Tutulamayan söz

3.4K 325 137
                                    

Çaresizlik.

Her insan çaresiz kalır.Çaresiz kalmamızı sağlayan , insanların zayıf olduğumuz kısımlar da kullanılmasıdır.

Herkesin başına gelir.Güçlü insanın başına bile.

Küçük çocuğun en sevdiği çikolatanın elinden alınması,İnternet bağımlısı olan gencin internet paketi bitmesi gibi.Ama bunlar maddi yönden.Bunlar eline geçebilir.

Peki insanların size acıyan gözlerle bakması ya da istemesek de muhtaç olmak?

Ben ikinci grubtaydım.

Onları görmesemde ben varken aralarında fısır fısır konuşmaları ya da muhtaç kalmak.

Her şeyi küçükken halletmiştim sanıyordum.Çoğu zaman işimi kendim görür ve fazla ortalık da dolaşmazdım.Ama bakıyorum ki sadece sanmışım.

Ölümle burun buruna gelip kendini kurtaramamak.

Kendimi bir bankın üzerinde yatarken buldum ve kendime gelmemi sağlayan, tanıdık kişinin endişeli sesini duymaktı.

Yavaşça görmeyen gözlerimi açtım.

"Taehyung aç göz- , ah uyandın."dedi. endişeli ses normale dönerken.
Ve o an bedenimi güçlü kollar tarafından ele geçirildi.

"Sana bir şey olacak diye çok korktum.Geç kaldım diye çok kendime kızdım.Ama şuan burdasın,benim kollarımın arasındasın." Dedi dahada sıkarak.

"Hyung iyiyim merak etme." derken her nefes aldığım da oksijen yerine onun gül kokusunu alıyordum.Ama bugün hyung'u acaip çok kokladım.isteyerek istemeyerek.eğer hala alırsam gül tiryakisi olacağım.

"Hyung iyiyim ama sıkı sarılmandan dolayı öleceğim "dedim gülerek

"Ah farketmedim.Özür dilerim" diyerek benden ayrıldı.Ve güzel koku gitti yerine sigara kokusu ve içime ürperti geldi.

Bank da doğruldum.Ellerimi banka koyduğumda canımın yandığını hissettim.Sonrasında acı dolu inlemem.

"Taehyung eline ne oldu?" Diyerek nefesini çenemde,elini elimde hissettim.elime bakıyordu.

"Taehyung eline cam kırıklıkları saplanmış ve çıkartıp sarmazsak daha da artacak.Bu yüzden doğruca hastaneye gidiyoruz." diyerek kolumdan tutup beni ayağa kaldırdı.Çantamıda hyung alarak yürümeye başladık.Biraz yürüdükten sonra durduk galiba bisiklete gelmiştik.Bisiklet demişken Jin hyung beni nasıl bulupta kurtardı.

"Taehyung bisiklete binsene" diyerek hızlıca iki bileğimide tutup omzuna götürdü.Ama kanayan elimdeki cam kırıkları ona gelebilirdi.

"Hyung omzundan tutamam yoksa sana zarar gelir.Ve kendimi halsiz hissediyorum.Tutsam bile yere yapışacak gibiyim şuan."

"O zaman ellerini omzumda değil karnımda birleştir.Ve yere yapışacak gibiysen..." derken onu bekledim.Bir kaç hareketlilikten sonra belime bir şey geçirmişti ama önümde bağlamadı direk kendisine de götürdü.Elimi değdiģimde dantelli bir tüldü.Bunun onda ne işi vardı ki?

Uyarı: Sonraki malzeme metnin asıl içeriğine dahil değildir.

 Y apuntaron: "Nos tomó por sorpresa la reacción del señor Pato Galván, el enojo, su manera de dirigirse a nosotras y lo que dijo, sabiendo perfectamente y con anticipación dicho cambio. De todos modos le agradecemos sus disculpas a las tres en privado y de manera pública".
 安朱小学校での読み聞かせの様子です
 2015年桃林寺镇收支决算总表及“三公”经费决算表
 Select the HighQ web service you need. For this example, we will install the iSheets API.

Yoksa bir kıza mı aitti? Yada sapık olup kızların eşyalarından parça alıp koklayan tipten miydi?

"Hyung bu ne?" dedim korkarak.sapık olmamasını umuyordum.

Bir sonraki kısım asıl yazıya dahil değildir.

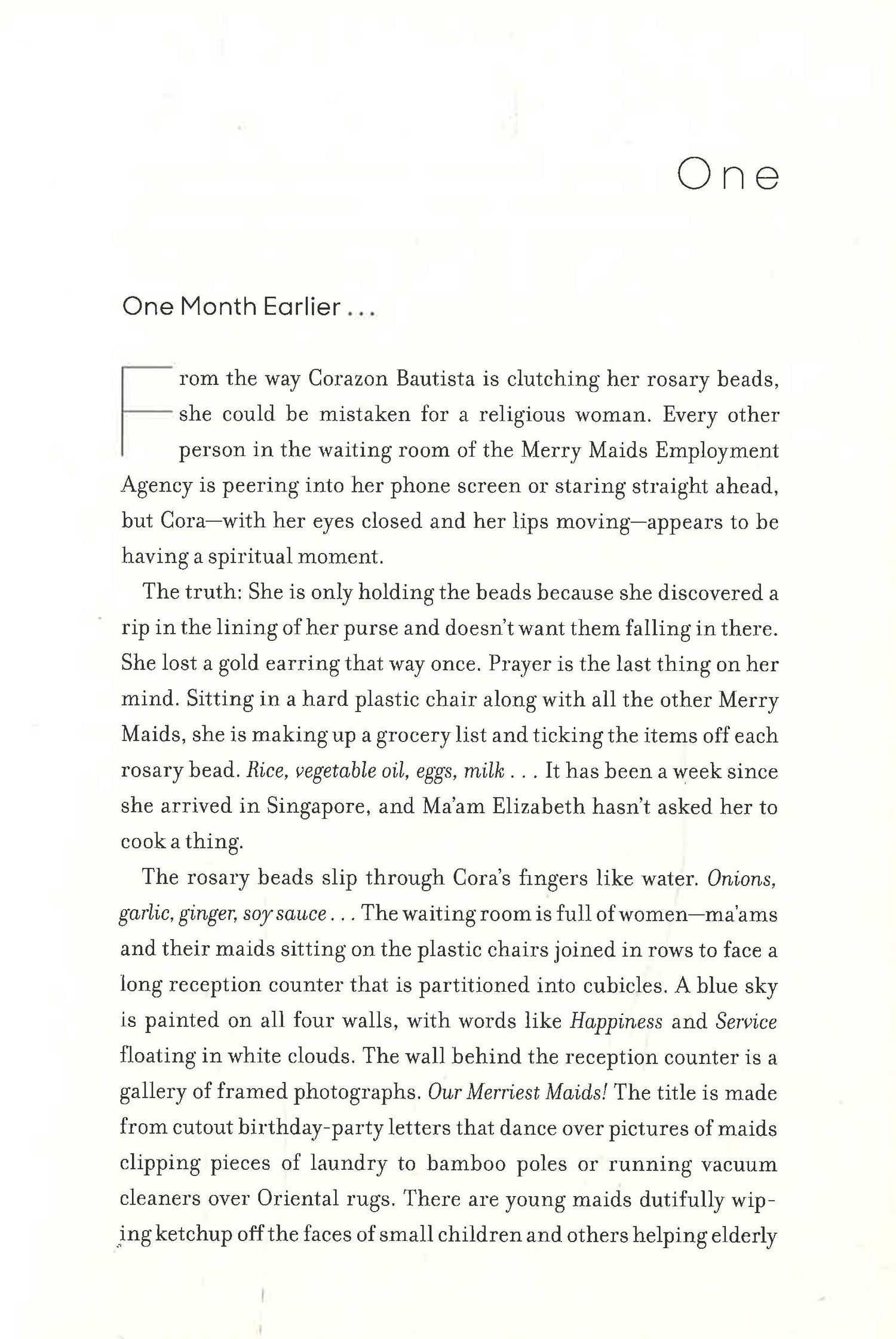 Corazon, Donita, and Angel are Filipina domestic workers--part of the wave of women sent to Singapore to be cleaners, maids, and caregivers. Corazon: A veteran domestic worker, Cora had retired back to the Philippines for good, but she has returned to Singapore under mysterious circumstances. Now she's keeping a secret from her wealthy employer, who is planning an extravagant wedding for her socialite daughter. Donita: Barely out of her teens, this is Donita's first time in Singapore, and she's had the bad luck to be hired by the notoriously fussy Mrs. Fann. Brazen and exuberant, Donita's thrown herself into a love affair with an Indian migrant worker. Angel: Working as an in-home caregiver for an elderly employer, Angel is feeling blue after a recent breakup with the woman she loves. She's alarmed when her employer's son suddenly brings in a new nurse who may be a valuable ally...or meant to replace her. Then an explosive news story shatters Singapore's famous tranquility--and sends a chill down the spine of every domestic worker. Flordeliza Martinez, a Filipina maid, has been arrested for murdering her female employer. The three women don't know the accused well, but she could be any of them; every worker knows stories of women who were scapegoated or even executed for crimes they didn't commit. Shocked into action, Donita, Corazon, and Angel will use their considerable moxie and insight to piece together the mystery of what really happened on the day Flordeliza's employer was murdered. After all, no one knows the secrets of Singapore's families like the women who work in their homes...ered. After all, no one knows the secrets of Singapore's elite like the women who work in their homes...

"Ölen annemin boynundaki fular" demesiyle içime hüzün kaplandı.
O bana iyilik yaparken ona sapık dedim.

"Özür dilerim hyung" .Jin hyung'un nefesini burnumda hissettim.
"Önemli değil." dedikten sonra biraz utanarak ona arkadan sarıldım.Fuları önünde bağlamıştı.Farkettim de ellerimi bağlamasam bile yine jin hyung'a yapışık olacaktım.Nedense bu haraket kalbimi hızlandırdı.Kalbimi önemsememek için aklımda ki soruları sormalıydım.